Search code examples
pythonpandasscikit-learntransformminmax

MinMax Scaler using column transformer ( the transformed columns are shifted front)


I am trying to build a model on House Prices - Advanced Regression Techniques data set (1460, 80). It has 37 Numerical Features and 43 Categorical Features.

I want to Scale the Numerical Feature first then. One_hot_encode the Categorical Feature. I am using MinMax scaler along with Column transformer.

after scaling the data, the DataFrame is not retaining the column names

Here is my code

columns_transform_sc=make_column_transformer((MinMaxScaler(),['MSSubClass',
 'LotFrontage',
 'LotArea',
 'OverallQual',
 'OverallCond',
 'YearBuilt',
 'YearRemodAdd',
 'MasVnrArea',
 'BsmtFinSF1',
 'BsmtFinSF2',
 'BsmtUnfSF',
 'TotalBsmtSF',
 '1stFlrSF',
 '2ndFlrSF',
 'LowQualFinSF',
 'GrLivArea',
 'BsmtFullBath',
 'BsmtHalfBath',
 'FullBath',
 'HalfBath',
 'BedroomAbvGr',
 'KitchenAbvGr',
 'TotRmsAbvGrd',
 'Fireplaces',
 'GarageYrBlt',
 'GarageCars',
 'GarageArea',
 'WoodDeckSF',
 'OpenPorchSF',
 'EnclosedPorch',
 '3SsnPorch',
 'ScreenPorch',
 'PoolArea',
 'MiscVal',
 'MoSold',
 'YrSold']),remainder="passthrough")

sc_df=columns_transform_sc.fit_transform(x_train)

I used the original dataframe's(x_train) columns for the scaled dataframe(sc_df).

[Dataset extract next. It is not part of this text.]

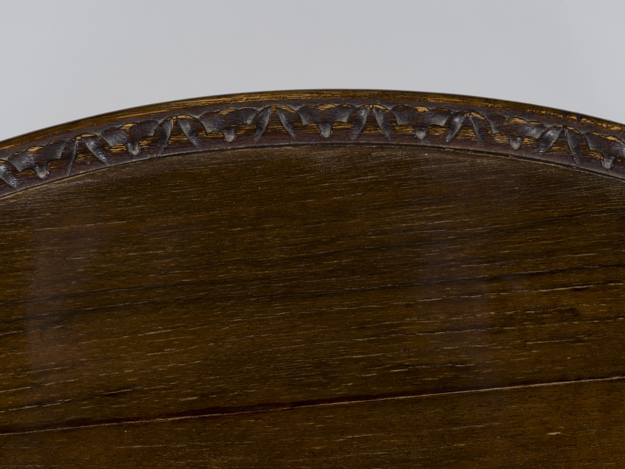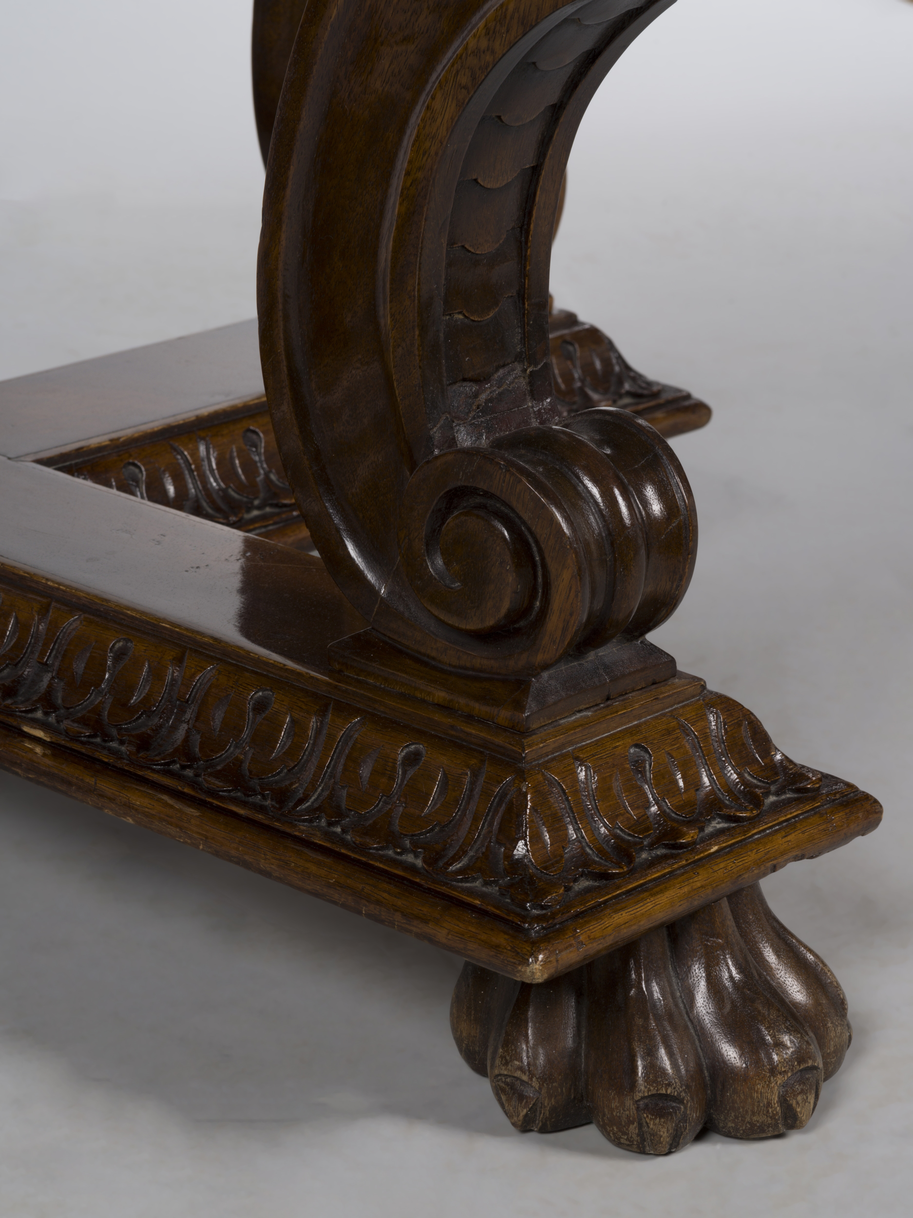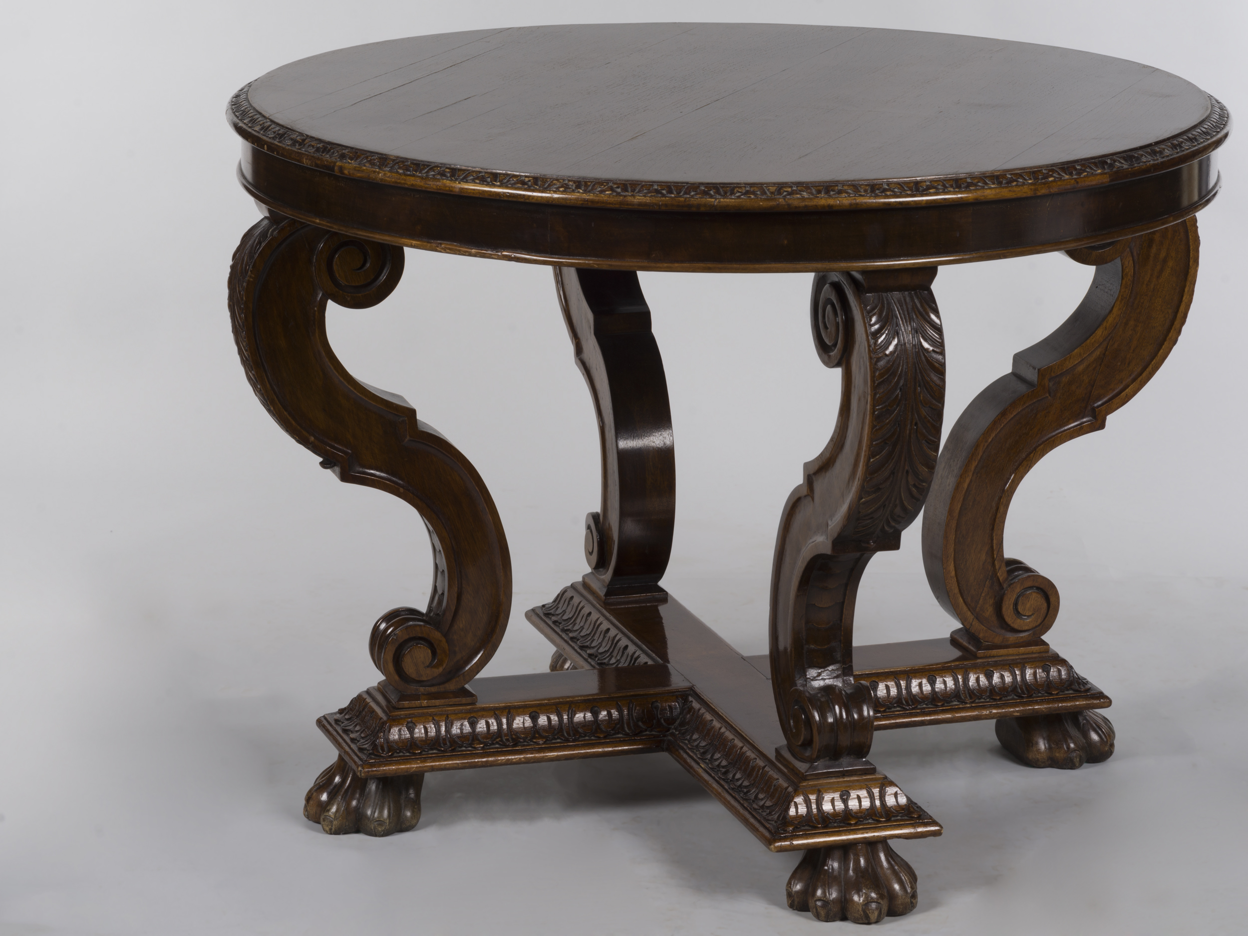Stół o okrągłym blacie, nieznacznie wysuniętym przed lico gładkiej cargi, ozdobionym na fazowanej krawędzi płaskorzeźbionym pasem fryzu akantowego a dalej gładkim półwałkiem. Carga gładka, wzdłuż dolnej krawędzi opatrzona półwałkiem podobnym jak na krawędzi blatu, oparta na czterech esowatych nogach podwójnie przełamanych pośrodku, z podwójnymi wolutami, u góry szerszymi, wywiniętymi do środka, dołem mniejszymi, wywiniętymi na zewnątrz. Na przedniej płaszczyźnie nogi zostały ozdobione płaskorzeźbioną dekoracją, w górnej części z motywem liścia akantu, w dolnej ornamentem cekinowym. Boki nóg na krawędziach zostały wykończone zostały płaskorzeźbioną gładką wstęgą, podkreślającą skręt wolut oraz ich przełamanie pośrodku nóg. Dolne woluty nóg wsparte zostały na końcach ramion profilowanego krzyżaka o przekroju trapezu rozszerzającego się ku dołowi, Krzyżak oparty jest na czterech masywnych lwich łapach.

sc_df=pd.DataFrame(sc_df,index=x_train.index,columns=x_train.columns)

The problem I'm facing is that the column transformer shifts all the columns that it has transformed to the front and shifts the passthrough columns back, and I can't use x_train.columns to replace the sc_df.columns

enter image description here enter image description here

All the Categories feature has been shifted back. Is there a way to retain the column names of getting the column names

also Should I encode the categorical feature (one_hot_encode or label_encode) first, then Scale(Standardize or normalize) the entire thing (the encoded data too) or scale then encode


Solution

  • I think you can - and sometimes have first to do the scaling. I suggest trying this:

    qt = QuantileTransformer(n_quantiles=50, output_distribution='normal', random_state=0)
    df.Betrag = qt.fit_transform(df.Betrag.values.reshape(-1, 1))
    

    Note: You can replace the one column directly with a slice of columns with the known standard Syntax for selecting a subset of Pandas DataFrame columns:

    age_sex = titanic[["Age", "Sex"]]
    

    In this case, you would pass age_sex to the fit and the transform function if we assume that these columns the definite ones. Even more, you are not restricted to the QuantileTransformer. The code should work generically for all Transformers.

    EDIT: Sorry, quick sidenote: The reshape operation is just necessary if you pass a tensor with just one particular feature to the QuantileTransformer. In the case of a multi-feature tensor and another transformer, it should be necessary.